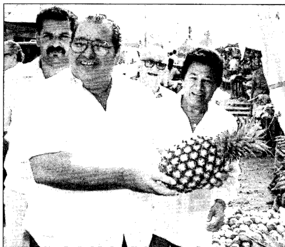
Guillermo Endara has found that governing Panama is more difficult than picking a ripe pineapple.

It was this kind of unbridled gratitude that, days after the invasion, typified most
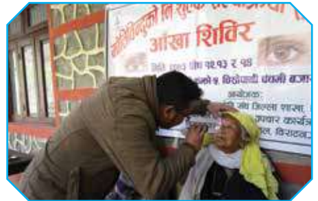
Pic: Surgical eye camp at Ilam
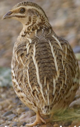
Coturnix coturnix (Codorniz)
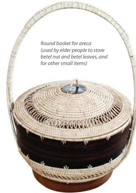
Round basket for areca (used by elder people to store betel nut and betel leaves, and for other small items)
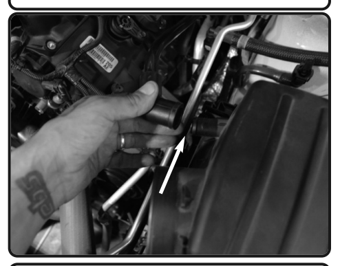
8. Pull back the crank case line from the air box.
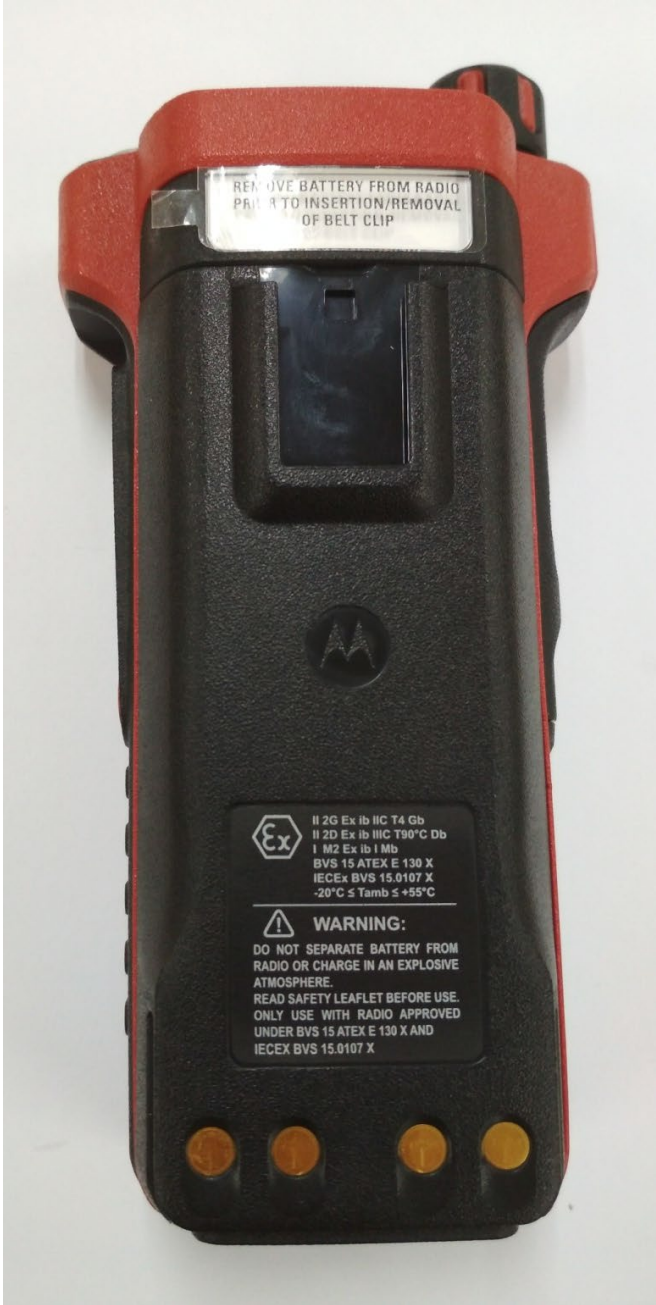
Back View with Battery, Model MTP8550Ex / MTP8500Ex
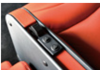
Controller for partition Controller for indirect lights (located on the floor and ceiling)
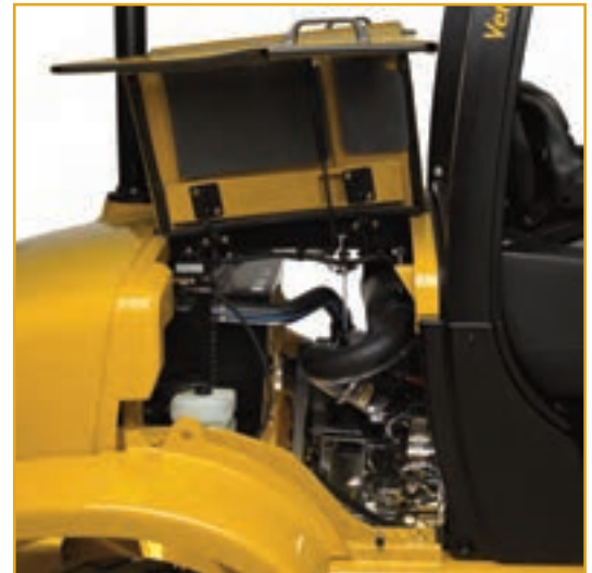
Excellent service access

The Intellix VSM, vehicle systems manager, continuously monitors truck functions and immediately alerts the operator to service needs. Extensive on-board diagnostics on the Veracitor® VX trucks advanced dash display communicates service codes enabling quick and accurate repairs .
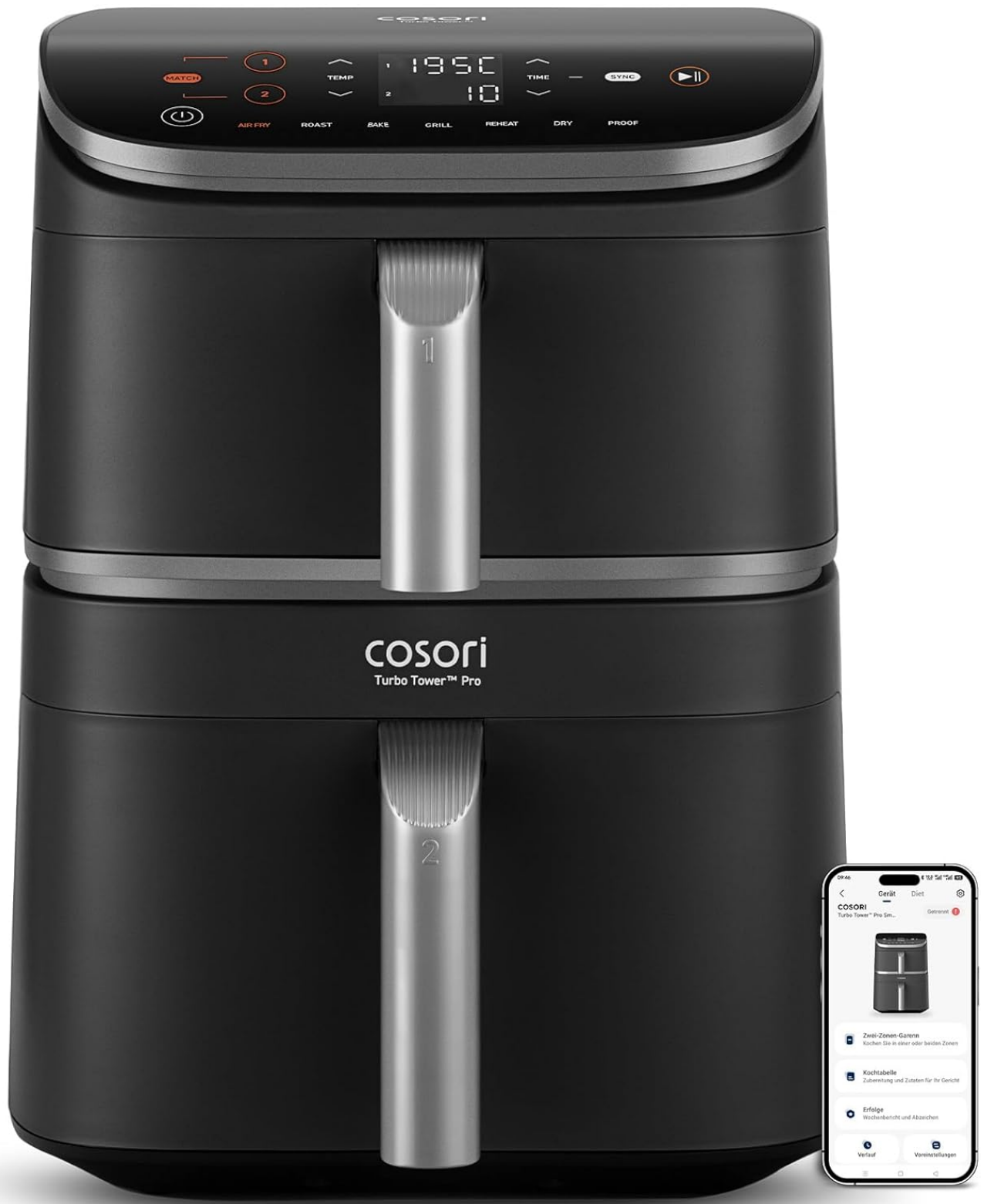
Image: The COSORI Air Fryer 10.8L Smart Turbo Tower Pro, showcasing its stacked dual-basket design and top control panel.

● Assignment
Filter the records for lines containing the word "that" and copy each one.

● Solution to the problem
Guillermo Endara has found that governing Panama is more difficult than picking a ripe pineapple.
It was this kind of unbridled gratitude that, days after the invasion, typified most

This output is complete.